# Simple notebook to get to a boosted tree regression with some CV tuning

In [1]:
# ignore warnings
import warnings
warnings.filterwarnings('ignore')
# get pandas
import pandas as pd
# we'll do some visual checks, get the necessary packages
import matplotlib.pyplot as plt
import seaborn as sns
%matplotlib inline
import numpy as np

In [2]:
# get the input df
df_raw = pd.read_csv('../data/train.csv')

In [3]:
# wrapper function to perform some simple cleanup
def clean_df(df):
    # keep only certain variable types
    df = df.select_dtypes(include=['int64','float64'])
    # drop everything with more than 10% of missing values
    df = df[df.columns[df.isnull().mean() < 0.1]]
    # looks like Garage built goes with Year built, replace NA using that
    df.loc[df['GarageYrBlt'].isnull(),'GarageYrBlt'] = df['YearBuilt']
    # put zero for MasVnrArea
    df.loc[df['MasVnrArea'].isnull(),'MasVnrArea'] = 0.0
    # drop id
    df = df.drop(['Id'], axis=1)    
    # remove outliers
    df = df[df['GrLivArea'] < 4676] 
    return df

In [4]:
df = clean_df(df_raw)

In [5]:
# now we will look at the variable ranking with a different approach, GBT
from sklearn import ensemble
# prep scikit
input_features = list(df.columns)
input_features.remove('SalePrice')
X = df[input_features].values
y = np.log(df['SalePrice']+1).values

In [6]:
# Fit regression model
params = {'n_estimators': 500, 'max_depth': 4, 'min_samples_split': 2,
          'learning_rate': 0.01, 'loss': 'ls'}
clf = ensemble.GradientBoostingRegressor(**params)
clf.fit(X, y)

GradientBoostingRegressor(alpha=0.9, criterion='friedman_mse', init=None,
             learning_rate=0.01, loss='ls', max_depth=4, max_features=None,
             max_leaf_nodes=None, min_impurity_decrease=0.0,
             min_impurity_split=None, min_samples_leaf=1,
             min_samples_split=2, min_weight_fraction_leaf=0.0,
             n_estimators=500, presort='auto', random_state=None,
             subsample=1.0, verbose=0, warm_start=False)

In [7]:
# to have an idea of the score
from sklearn.model_selection import cross_val_score
# check model performance
scores = cross_val_score(clf, X, y, cv=3, scoring='neg_mean_squared_error')
# transform scores into the root mean square
scores = np.sqrt(-scores)
print("Mean Squared Error (on Log): %0.2f (+/- %0.2f)" % (scores.mean(), scores.std() * 2))
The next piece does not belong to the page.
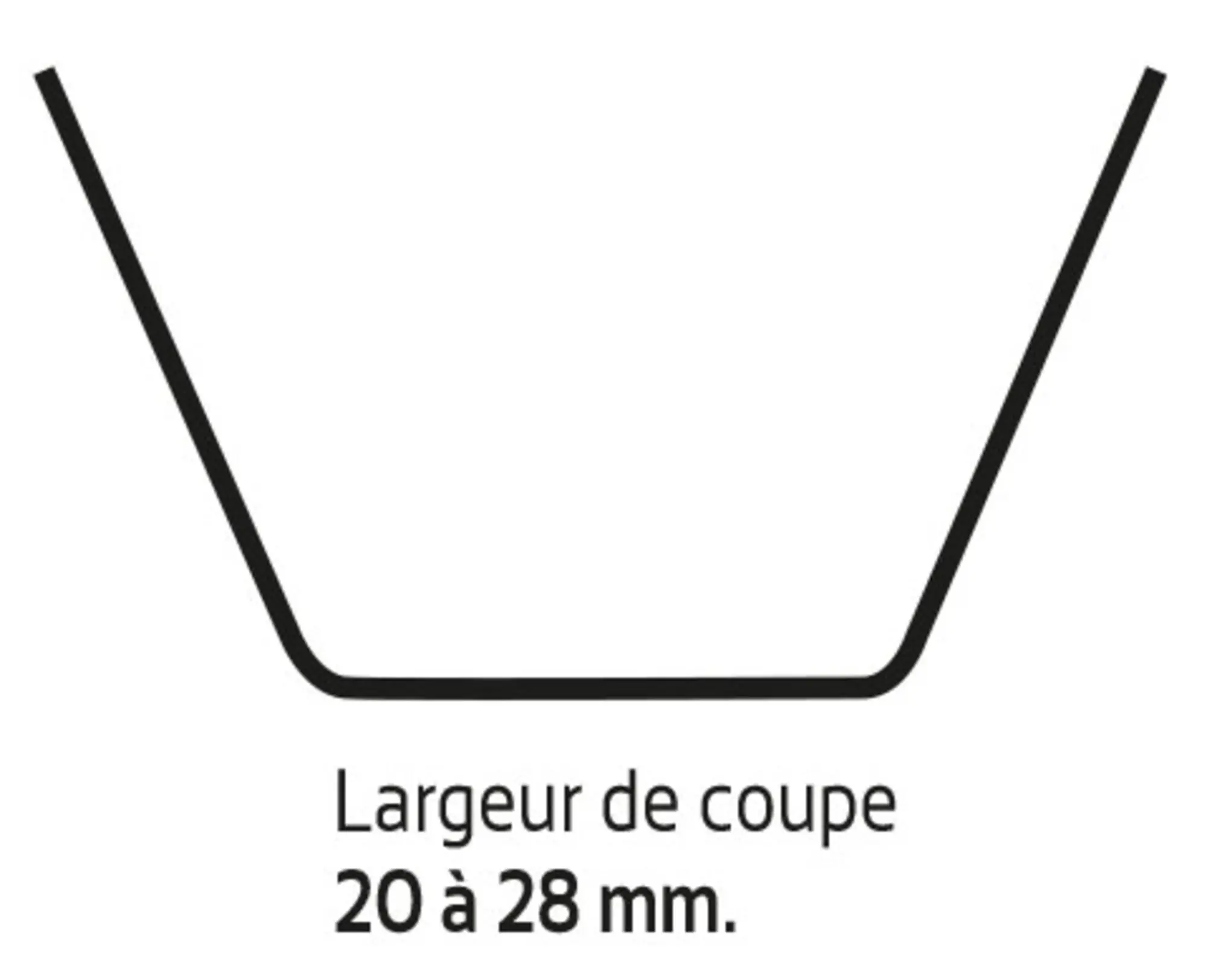 Largeur de coupe 20 à 28mm. Profil carré. Affûtage double face pour éviter la plongée dans la gomme et assurer un
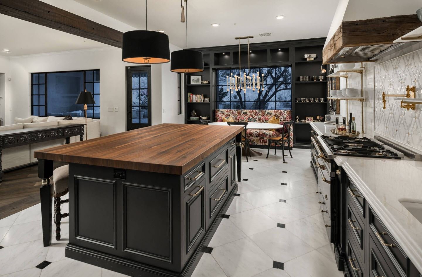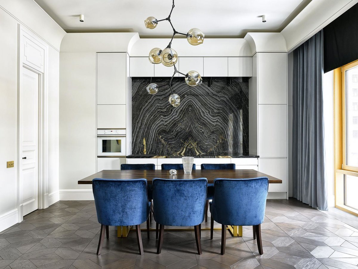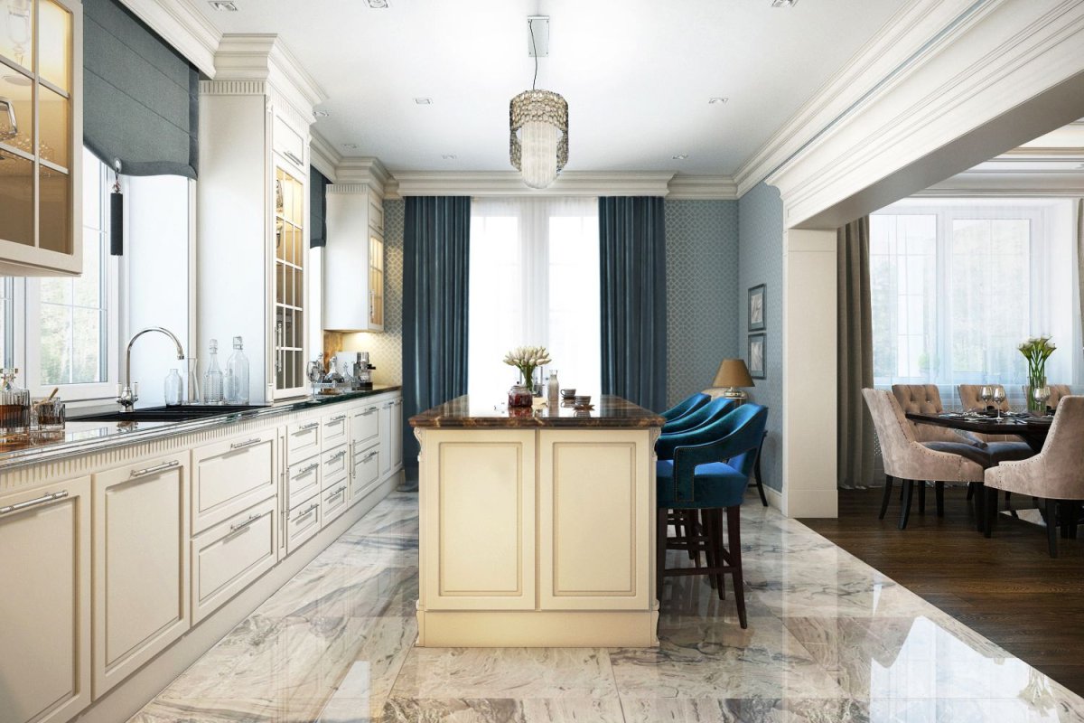 Интерьер кухни с мраморным полом

Mean Squared Error (on Log): 0.13 (+/- 0.01)


## allrighty, we have a baseline for this model

In [8]:
# now we will perform some simple model tuning
from sklearn.model_selection import GridSearchCV

In [19]:
# create score
from sklearn.metrics import mean_squared_error
from sklearn.metrics.scorer import make_scorer

def my_function(y_true, y_pred):
    return np.sqrt(mean_squared_error(y_true, y_pred))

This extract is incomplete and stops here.